UK to train 100 PhD students in data science
A new PhD programme to develop techniques to handle the vast amounts of data being generated by experiments and facilities has been launched by the UK’s Science and Technology Facilities Council (STFC). Around 100 PhD students will be trained, at a cost of £10m, to analyse data in areas such as astrophysics, accelerator science, nuclear and particle physics, as well as tackle problems posed by industry.
Data scientists use computer, statistical and programming techniques to extract information from large datasets – many of which would take years to analyse manually. Modern observational and experimental facilities allow researchers to gather vast amounts of data, but many more specialists are needed, the STFC says, to make sense of it and help make new discoveries. The STFC adds that the cash will be used to train students in data-intensive science through cutting-edge research projects and targeted academic-training programmes, complemented by secondments to national and international partners.

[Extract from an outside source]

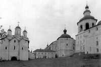 With the rise of the Muscovite principality in the fourteenth century and the establishment of a metropolitanate of the Orthodox Church in Moscow itself, the church began to play an essential role for the advancement of Moscow's position in this area of the north. In particular, the founding of monasteries by clerics from Moscow's own monasteries provided not only places of spiritual refuge and retreat, but also centers of Muscovite influence. The two most influential of these monastic institutions, and the sites of the earliest extant masonry structures in the area, are the St. Kirill Belozerskii Monastery, and the nearby Ferapontov Monastery (1). Both are located considerably to the north of Vologda, near the confluence of the Sheksna River and the White Lake (Beloe ozero). This water network connected the monasteries to the central regions of Muscovy, as well as to Vologda, and endowed them with a strategic importance that aided their growth as Moscow's outposts.

Most of the funding comes from a £90m investment for 1000 new PhD places, mainly in science, technology, engineering and mathematics, that was announced earlier this year by the UK government. The PhD data students will be trained at eight new Centres for Doctoral Training (CDT) in data-intensive science based at 19 UK universities, which include Bristol, Cambridge, Swansea, Sussex and Queen Mary.
“This investment will not only bring on the next generation of much-needed data scientists with the skills and knowledge to become leaders in the field, it will be crucial in ensuring the UK research sector and the UK economy remains competitive on the world stage,” says Grahame Blair, the STFC’s executive director of programmes, adding that the investment will build on the big data challenges facing physics.
Stephen Fairhurst, a gravitational-wave physicist at Cardiff University who is director of its Data Innovation Research Institute, says that the CDTs are exciting as they will give students training in cutting-edge big-data methods to apply to both research problems in physics and astronomy, and to real-world problems.